(Material provided)
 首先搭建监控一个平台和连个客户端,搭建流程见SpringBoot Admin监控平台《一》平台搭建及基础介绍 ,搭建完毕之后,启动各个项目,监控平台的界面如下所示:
(End Material provided)
(Material provided)
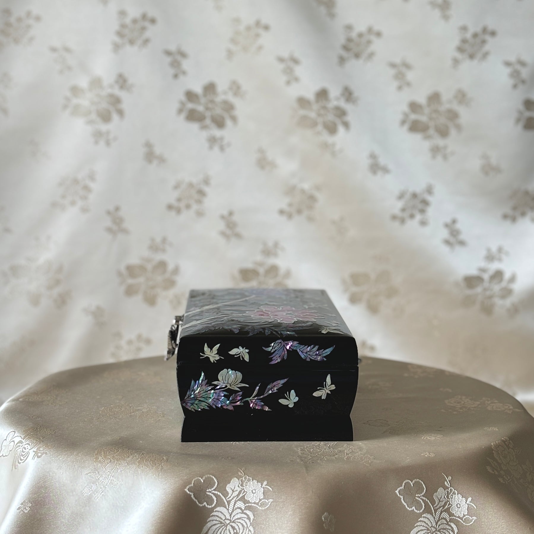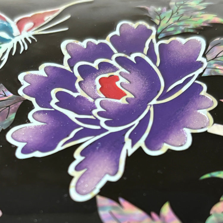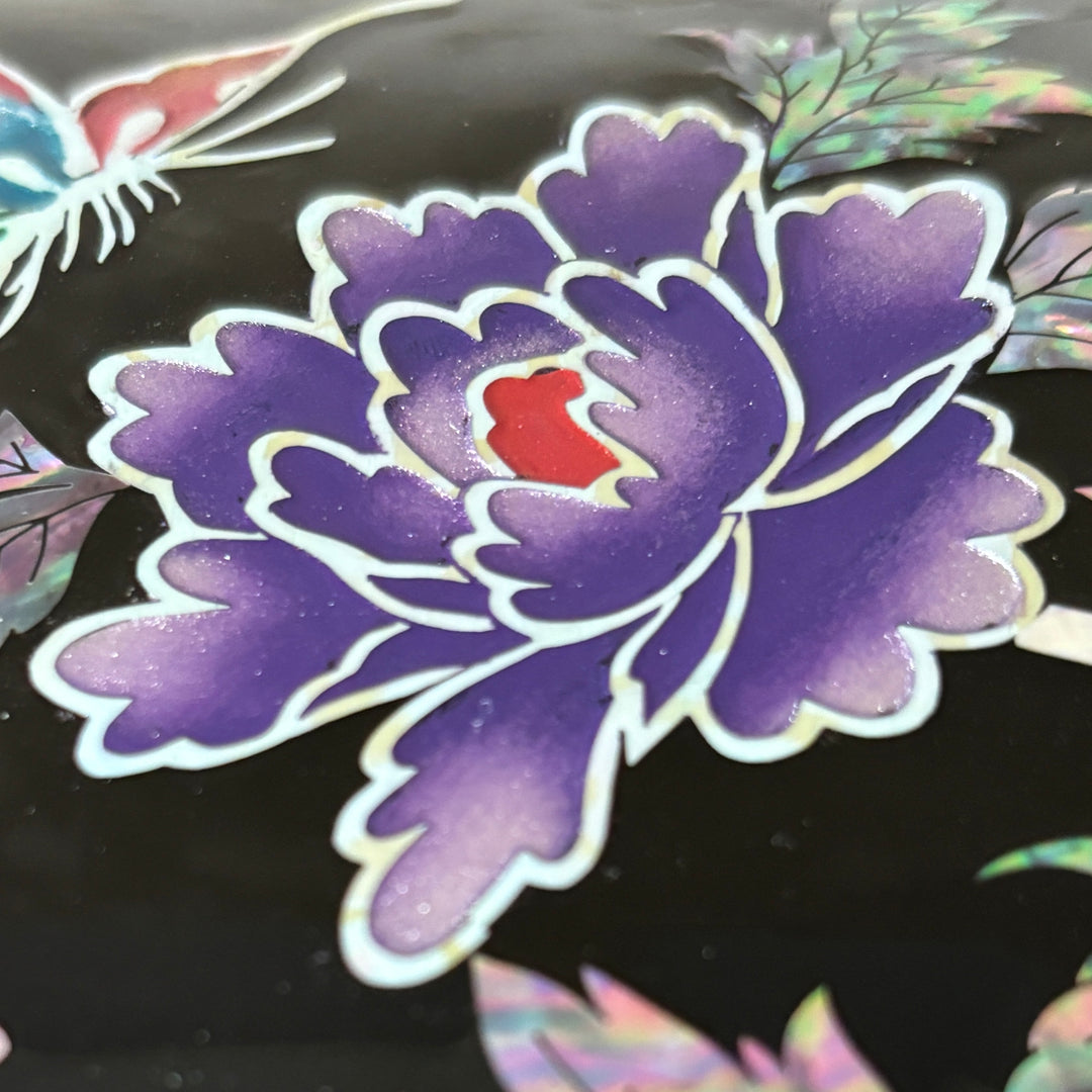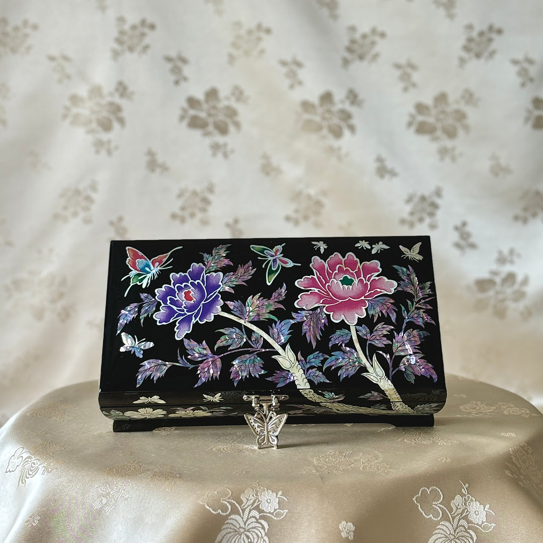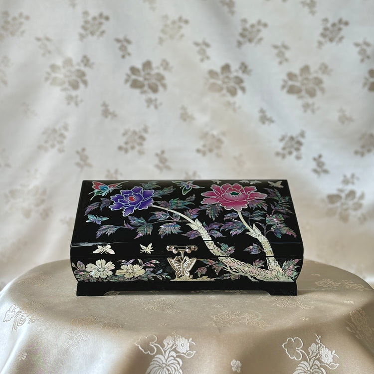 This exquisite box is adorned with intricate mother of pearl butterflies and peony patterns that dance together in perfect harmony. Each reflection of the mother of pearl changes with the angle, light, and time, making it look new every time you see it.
(End Material provided)
(Material provided)
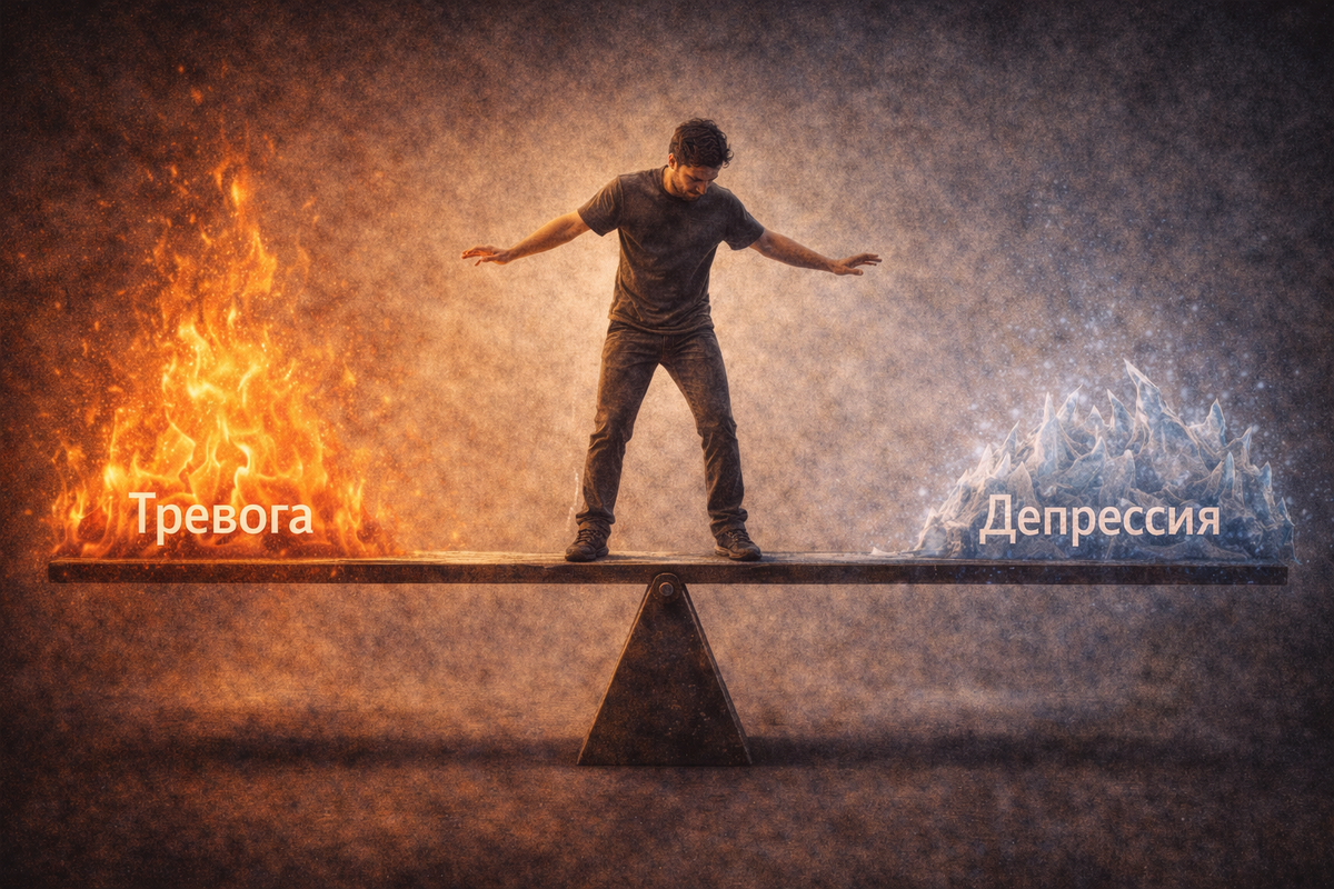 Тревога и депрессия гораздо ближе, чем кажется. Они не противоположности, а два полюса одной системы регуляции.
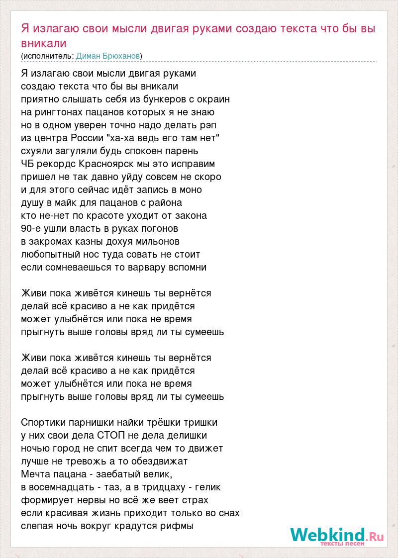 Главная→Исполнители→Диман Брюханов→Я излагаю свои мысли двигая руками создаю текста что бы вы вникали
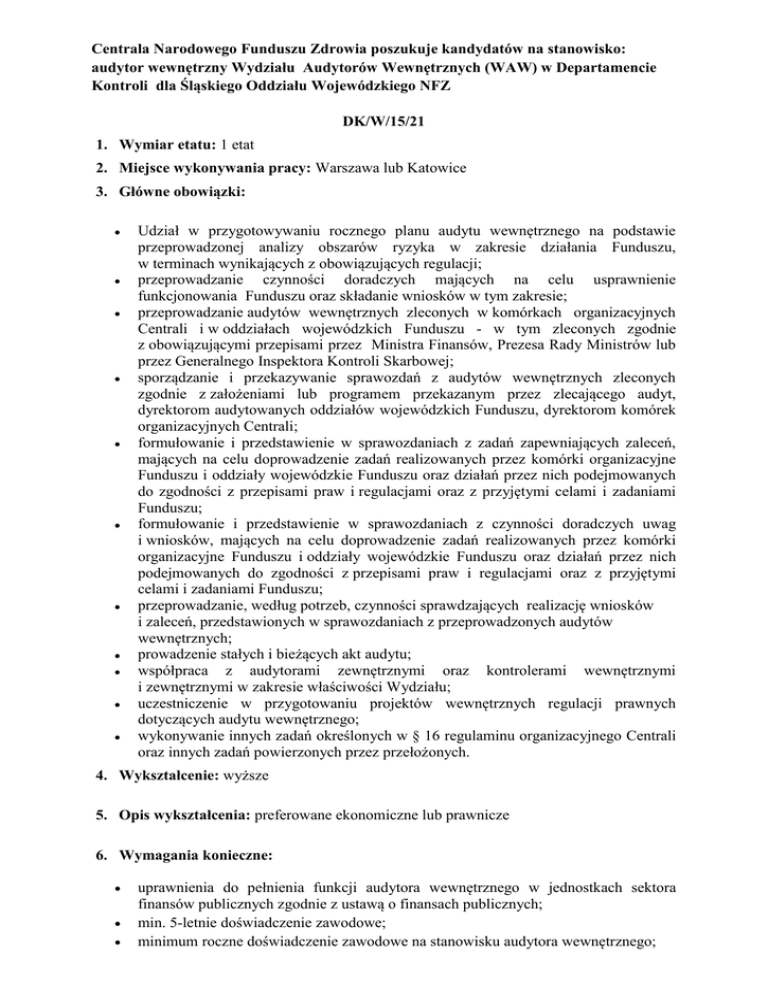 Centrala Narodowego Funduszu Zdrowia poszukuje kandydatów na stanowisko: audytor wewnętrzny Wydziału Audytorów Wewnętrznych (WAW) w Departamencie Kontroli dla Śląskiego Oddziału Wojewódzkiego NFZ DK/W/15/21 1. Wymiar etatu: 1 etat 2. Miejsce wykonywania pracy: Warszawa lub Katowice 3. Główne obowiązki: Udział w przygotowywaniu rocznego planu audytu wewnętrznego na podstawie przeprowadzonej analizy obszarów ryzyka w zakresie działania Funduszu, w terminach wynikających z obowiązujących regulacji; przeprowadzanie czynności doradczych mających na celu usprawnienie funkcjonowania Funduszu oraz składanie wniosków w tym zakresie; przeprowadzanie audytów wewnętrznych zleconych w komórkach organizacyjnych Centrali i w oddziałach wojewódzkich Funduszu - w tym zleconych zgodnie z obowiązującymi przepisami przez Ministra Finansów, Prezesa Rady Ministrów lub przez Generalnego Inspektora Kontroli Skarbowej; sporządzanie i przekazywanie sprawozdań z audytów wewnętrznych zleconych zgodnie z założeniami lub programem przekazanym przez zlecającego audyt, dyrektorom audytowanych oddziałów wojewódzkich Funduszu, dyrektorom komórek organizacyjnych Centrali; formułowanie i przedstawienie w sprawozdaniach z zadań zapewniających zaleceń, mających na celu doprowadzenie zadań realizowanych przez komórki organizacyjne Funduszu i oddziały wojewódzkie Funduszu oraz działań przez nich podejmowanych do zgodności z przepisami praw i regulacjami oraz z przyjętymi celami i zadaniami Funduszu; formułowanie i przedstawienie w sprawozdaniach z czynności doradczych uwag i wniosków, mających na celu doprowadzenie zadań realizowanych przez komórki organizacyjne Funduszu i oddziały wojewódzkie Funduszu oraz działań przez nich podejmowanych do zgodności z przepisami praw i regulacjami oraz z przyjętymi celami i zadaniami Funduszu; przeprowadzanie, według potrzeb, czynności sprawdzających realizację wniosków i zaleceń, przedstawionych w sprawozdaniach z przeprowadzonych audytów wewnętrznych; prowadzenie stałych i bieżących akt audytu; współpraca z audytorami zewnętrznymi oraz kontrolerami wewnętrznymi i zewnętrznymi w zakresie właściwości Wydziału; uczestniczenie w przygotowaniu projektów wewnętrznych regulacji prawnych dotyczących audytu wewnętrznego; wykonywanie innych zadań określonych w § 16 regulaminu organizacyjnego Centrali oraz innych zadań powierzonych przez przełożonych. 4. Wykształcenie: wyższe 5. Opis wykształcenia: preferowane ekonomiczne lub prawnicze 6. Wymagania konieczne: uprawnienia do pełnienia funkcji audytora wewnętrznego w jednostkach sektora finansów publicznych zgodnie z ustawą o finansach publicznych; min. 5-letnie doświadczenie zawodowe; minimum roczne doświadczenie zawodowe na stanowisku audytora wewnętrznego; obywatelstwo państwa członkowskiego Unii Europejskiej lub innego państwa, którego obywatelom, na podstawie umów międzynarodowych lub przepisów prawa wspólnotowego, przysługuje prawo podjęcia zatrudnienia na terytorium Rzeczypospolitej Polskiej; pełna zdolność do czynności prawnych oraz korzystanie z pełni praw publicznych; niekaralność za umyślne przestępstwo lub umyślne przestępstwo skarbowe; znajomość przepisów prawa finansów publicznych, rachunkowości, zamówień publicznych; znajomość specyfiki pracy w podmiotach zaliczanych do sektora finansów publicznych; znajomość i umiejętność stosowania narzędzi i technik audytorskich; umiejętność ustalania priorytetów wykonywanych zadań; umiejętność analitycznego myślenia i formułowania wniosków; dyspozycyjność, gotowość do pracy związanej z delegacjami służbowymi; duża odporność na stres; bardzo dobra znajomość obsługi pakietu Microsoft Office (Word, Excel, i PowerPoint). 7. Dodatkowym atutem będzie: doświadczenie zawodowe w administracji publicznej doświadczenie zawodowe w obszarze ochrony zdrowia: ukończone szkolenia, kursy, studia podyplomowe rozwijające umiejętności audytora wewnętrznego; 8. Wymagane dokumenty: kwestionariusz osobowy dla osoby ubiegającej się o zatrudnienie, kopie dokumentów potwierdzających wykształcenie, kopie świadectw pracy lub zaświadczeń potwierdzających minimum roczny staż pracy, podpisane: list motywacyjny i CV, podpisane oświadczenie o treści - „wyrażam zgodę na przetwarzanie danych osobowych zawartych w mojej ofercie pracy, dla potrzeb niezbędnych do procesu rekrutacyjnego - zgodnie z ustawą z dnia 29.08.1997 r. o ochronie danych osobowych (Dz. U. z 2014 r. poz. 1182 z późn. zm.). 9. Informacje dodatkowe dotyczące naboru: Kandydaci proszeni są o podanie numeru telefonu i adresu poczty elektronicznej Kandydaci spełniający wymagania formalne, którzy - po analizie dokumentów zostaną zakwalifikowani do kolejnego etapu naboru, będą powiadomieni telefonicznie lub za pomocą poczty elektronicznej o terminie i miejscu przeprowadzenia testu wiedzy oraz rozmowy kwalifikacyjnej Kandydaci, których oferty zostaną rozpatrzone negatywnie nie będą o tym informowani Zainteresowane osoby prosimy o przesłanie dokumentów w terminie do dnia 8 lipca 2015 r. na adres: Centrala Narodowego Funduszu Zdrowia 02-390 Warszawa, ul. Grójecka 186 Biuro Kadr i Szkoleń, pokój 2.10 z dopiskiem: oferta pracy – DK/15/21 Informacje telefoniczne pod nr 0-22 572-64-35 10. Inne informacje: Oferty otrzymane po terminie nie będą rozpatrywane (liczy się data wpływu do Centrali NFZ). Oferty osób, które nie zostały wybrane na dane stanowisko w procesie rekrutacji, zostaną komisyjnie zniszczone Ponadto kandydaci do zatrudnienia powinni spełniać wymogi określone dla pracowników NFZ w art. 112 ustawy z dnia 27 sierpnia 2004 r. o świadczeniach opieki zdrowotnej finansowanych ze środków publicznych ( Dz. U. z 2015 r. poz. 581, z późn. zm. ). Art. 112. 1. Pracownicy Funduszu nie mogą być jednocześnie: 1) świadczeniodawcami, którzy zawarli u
(End Material provided)
#### Requirement:
For the data above, set down exactly the lines from the line with "Тревога и депрессия" to the line with "Главная→Исполнители→Диман Брюханов→Я излагаю", both included, leaving pictures out.

#### Exercise response:
 Тревога и депрессия гораздо ближе, чем кажется. Они не противоположности, а два полюса одной системы регуляции.
 Главная→Исполнители→Диман Брюханов→Я излагаю свои мысли двигая руками создаю текста что бы вы вникали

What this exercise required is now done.